# Keelback or brown



## Jungle-Mad (Jan 29, 2014)

Me and the misses are having an argument about what snake this is i'm saying keelback she said brown. What do you guys think?


----------



## imported_Varanus (Jan 29, 2014)

Keelback!


----------



## The_Geeza (Jan 29, 2014)

She didn't google very well........lol......no brown in sight


----------



## Jungle-Mad (Jan 29, 2014)

It slid through he legs while she was packing the dishwasher.... Thought she chopped her bloody fingers off

- - - Updated - - -

Think there is a healthy suppy just found his brother/sister

- - - Updated - - -

View attachment 304825


----------



## NicG (Jan 29, 2014)

Definitely a Keelback.

That last attachment didn't come through.


----------



## ryanbichel (Feb 5, 2014)

I know its a bit late but a keelback


----------



## Amynickid (Feb 5, 2014)

haha keelback


----------



## Bluetongue1 (Feb 7, 2014)

I can see why she thought it was a brown.

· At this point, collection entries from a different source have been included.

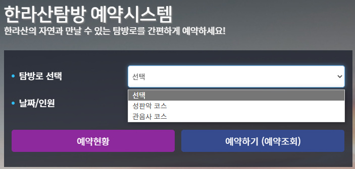 한라산 탐방로 선택은 성판악 코스와 관음사 코스 2가지가 있으며, 2가지 중 하나를 선택하셔서 예약 및 예약 현황을 확인 하실 수 있습니다.
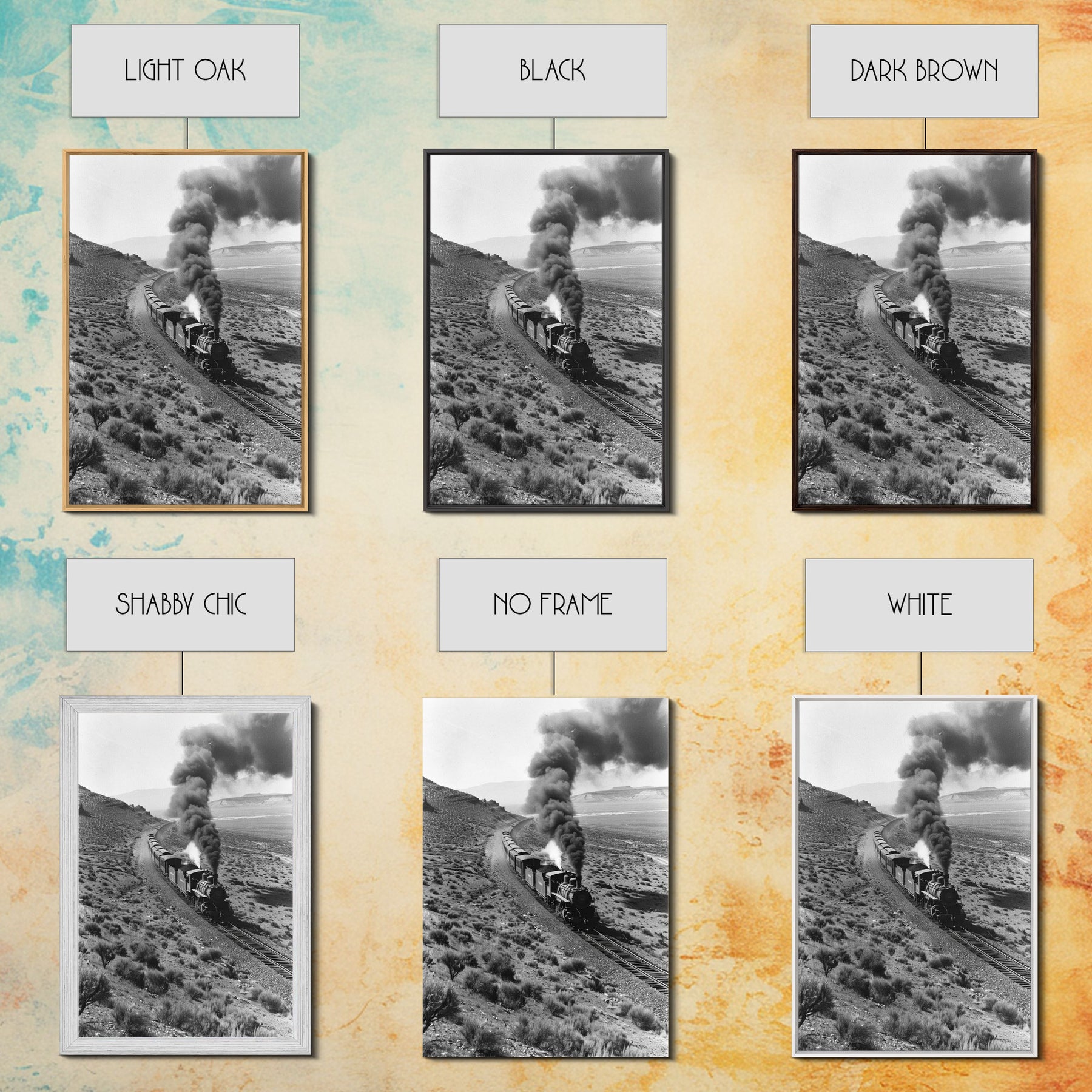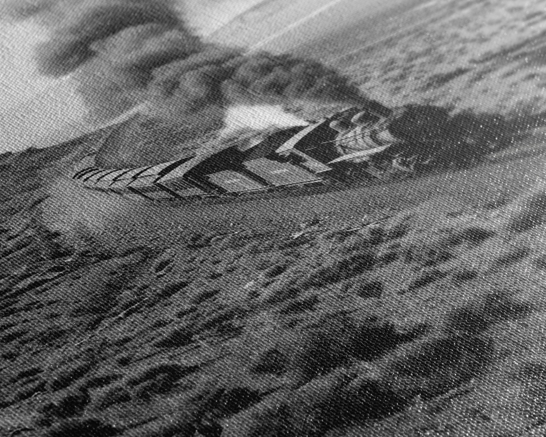 Train Journey Through the Desert Black and White Photography - Framed Canvas Print, Railroad Art, Rustic Train Wall Art Decor
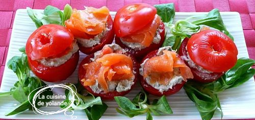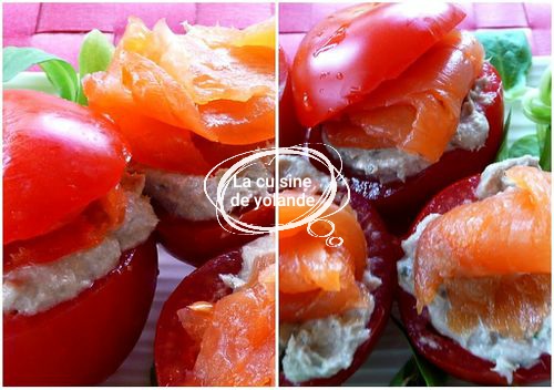 Au moment de servir, remplissez les tomates de rillettes et ajoutez une petite tranche de saumon.

Fortunately it has keeled scaled and is not a Roughie (from head scales and shape).

Blue


----------



## moosenoose (Feb 7, 2014)

I'll be honest, I often get confused between keelbacks and roughies.....at least when I know I'm picking up something dangerous, I won't get that extra surprise if it bites me :lol:


----------



## Baldy (Feb 7, 2014)

wow i cant tell anything from those pics

what i mean is i cant really see any scales in great detail..


----------